Suppose $n$ and $m$ are relatively prime integers. Define the symbol (sort of like the Jacobi symbol) U$(n,m)=1$ if and only if each prime $p|n$, there is an integer $k$ such that $n^k = p\pmod m$, and otherwise, U$(n,m)=-1$. This implies if $n$ is prime, then U$(n,m)=1$.
For example, U$(25,8)=-1$ because $5|25$ and there is no such $k$ such that $25^k= 5\pmod 8$ and U$(51,8)=1$ because $3|51$ and $17|51$ and there exist integers $k$ such that $51^k = 3\pmod 8$ and $51^k = 17\pmod 8$.

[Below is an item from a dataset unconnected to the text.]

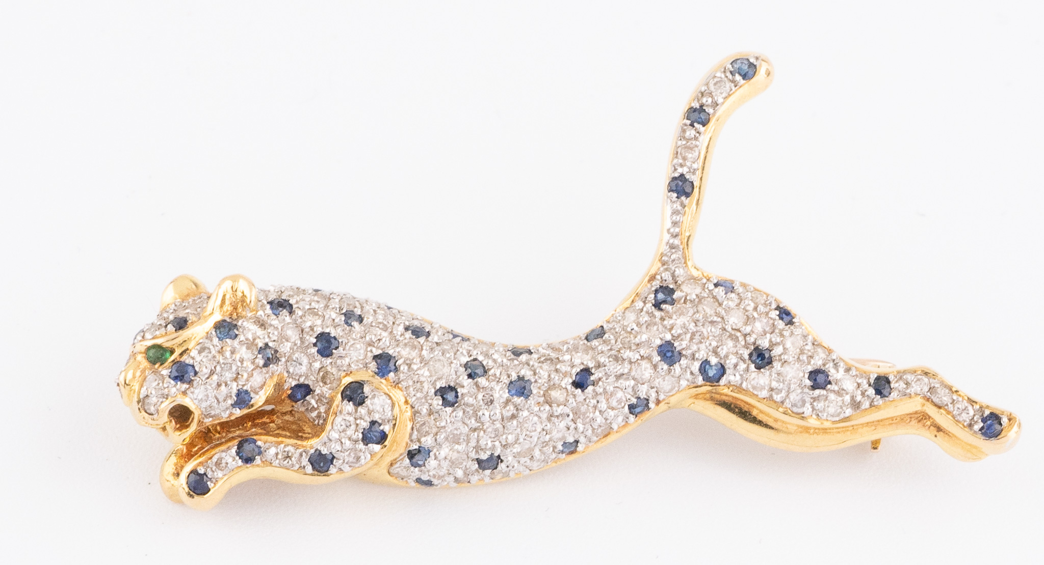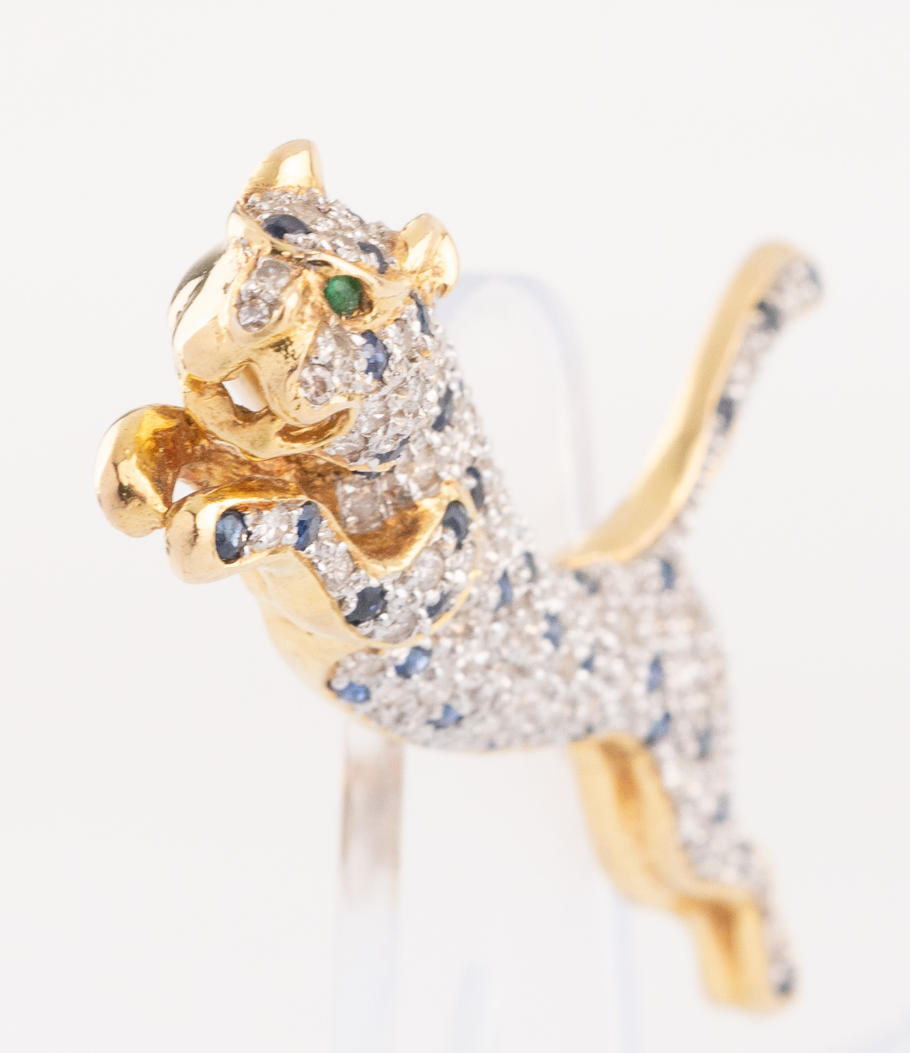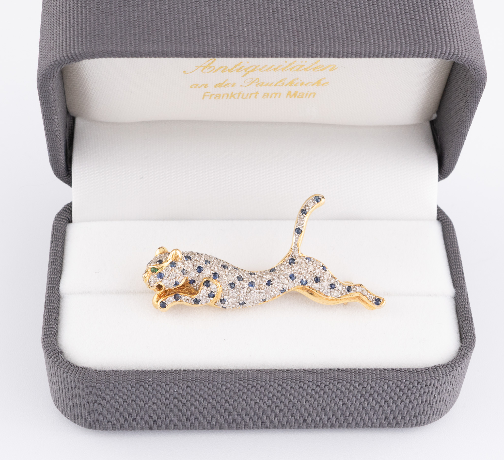 Eine Pantherbrosche in 18 Karat (750/1000) Gelbgold mit 40 Saphiren, ca. 60 Diamanten von zusammen ca. 1,2 ct. sowie einem Smaragd.

Suppose $n<m^2$, and $m$ has several (distinct) factors. Do composite numbers $n$ with several factors such that U$(n,m)=1$?
One such example I found is when $m=8!=40320$ and $n=40526683=43*547*1723$.
Since $n = 5083 \pmod m$ and $5083^{37}=43\pmod m$, $5083^{67}=547\pmod m$, and $5083^{89}=1723\pmod m$, U$(n,m)=1$. Does there exist an example of another $n$ with four distinct factors such that U$(n,m)=1$ (using the same $m$)?